Paul
Goble
Staunton, March 13 – Many Russian
commentators want to believe that after Vladimir Putin leaves the scene, Russia
can become a free and democratic confederation because they do not find it easy
to face the fact that the situation with regard to Russia is as hopeless as it
is, Vadim Zaidman says.
But it is time to face that reality
instead of deceiving others and oneself with the notion that somehow everything
will miraculously change “after Putin,” the commentator adds. Russia was “offered a chance to convert
itself into a good country” after the collapse of communism and everyone can
see how it has used that (kasparov.ru/material.php?id=5E6A556A8B9AD).
Instead of turning into an eastern
variant of the Federal Republic of Germany, Russia “somehow” became the land of
the Kalashnikov, he continues. “Why should anyone think that this time
something different will happen?
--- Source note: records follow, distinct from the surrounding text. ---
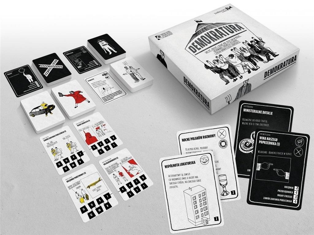 Demokratura to pierwsza tak poważna próba wykorzystania gry towarzyskiej w roli nowego medium i platformy komunikacji. Rozrywka i refleksja z nutką obywatelskiego oporu. Zawartość: 1x talia Systemu (60 kart) 3x talia Gracza (60 kart/talia) 1x zestaw kart Statusu (8 kart) 1x zestaw kart Światopoglądu (8 kart) 1x dodatek: ,,Stan Zagrożenia" (6 kart) ? Kompletny zestaw startowy dla 3 uczestników. ?
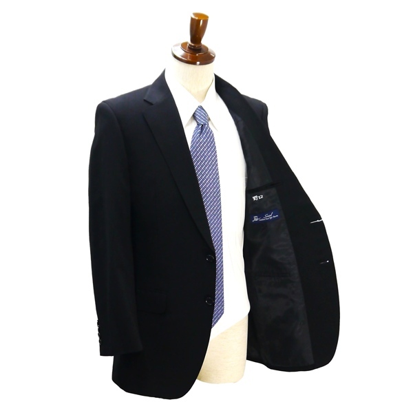 ・春夏対応。2つボタンシングル。背抜き。ノーベント。フラップポケット。ネーム刺繍あり。開き見せ。
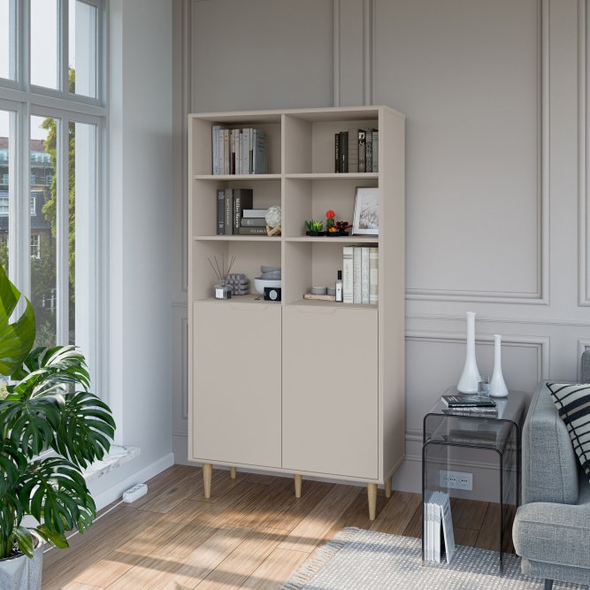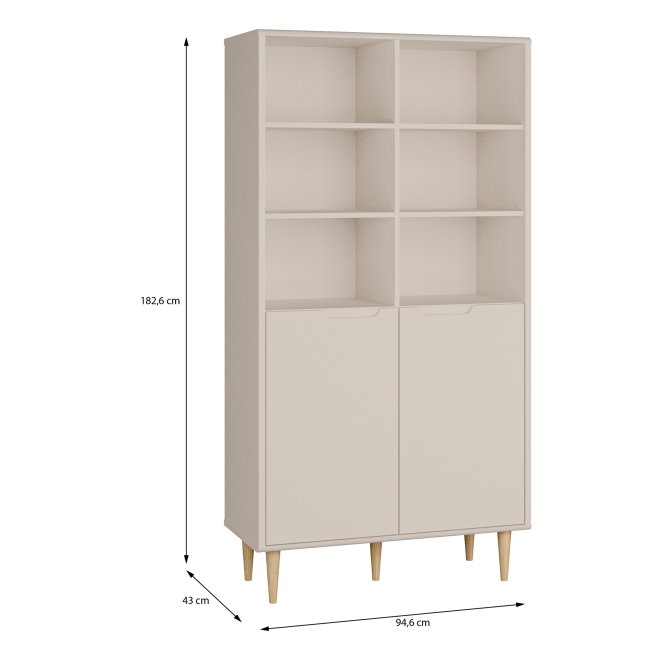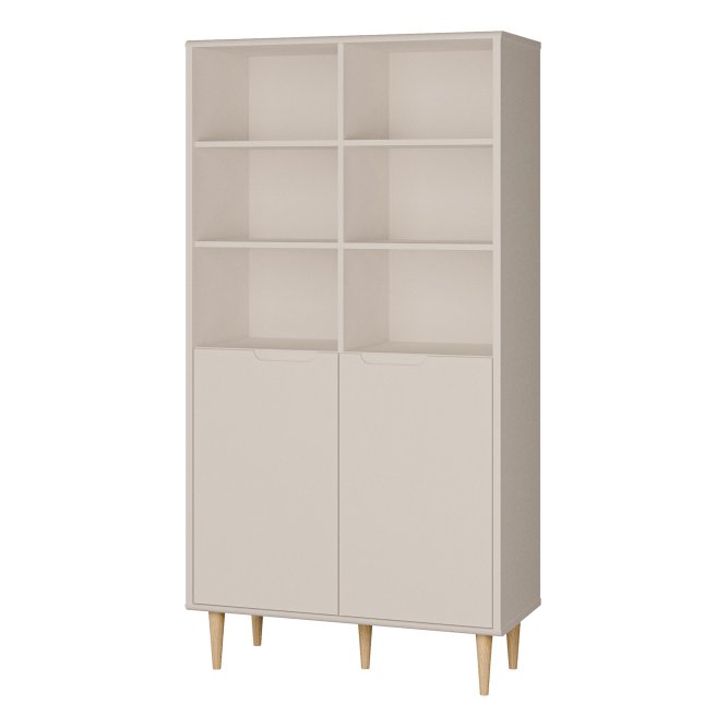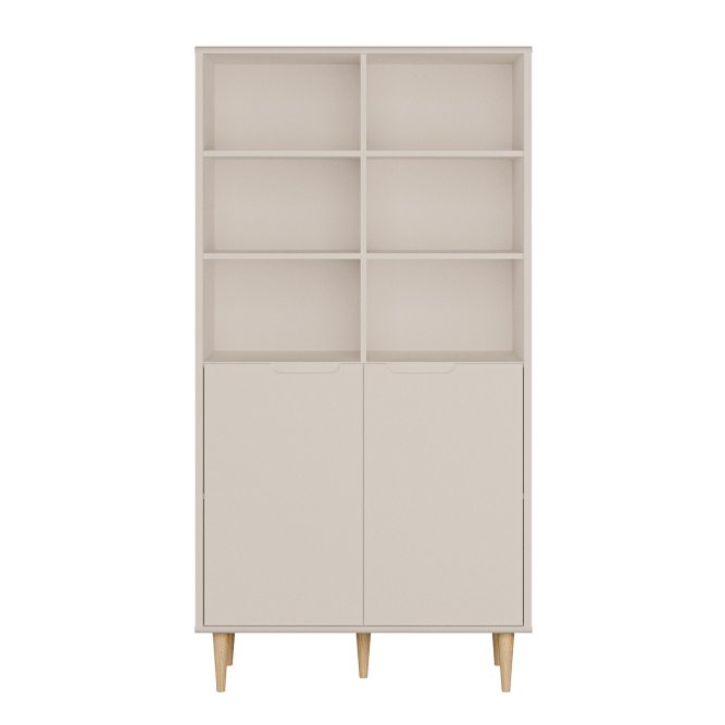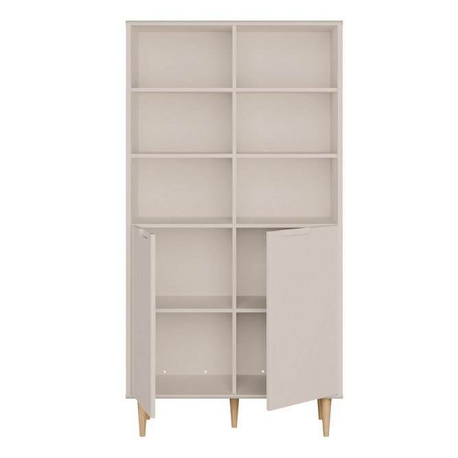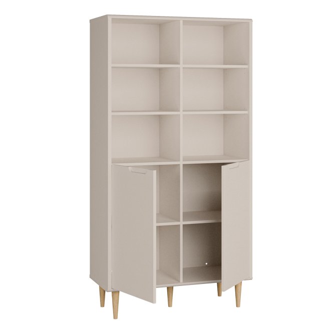 Regał wyposażony jest w 6 otwartych półek wnękowych i 2 dolne zamykane drzwiami szafki — razem 8 półek

That after the next short thaw, Russia once
again will not fit into the galleries of the next putin?”
“Russia in its current-great power
borders is incurable,” Zaidman says. “Because in these borders, it always will
be, according to the apt expression of Aleksandr Yanov, be inclined to accept
the size of its country as a measure of its greatness.” And it will certainly
not be able to follow the course of FRG.
That state arose on the ruins of the
Third Reich not by itself and not by the passing over it of a magic wand but
only after the reich was reduced to ruins and after and not without the help of
the Western allies was carried out the difficult and long-term work of
de-Nazification in the country and in the heads of Germans.”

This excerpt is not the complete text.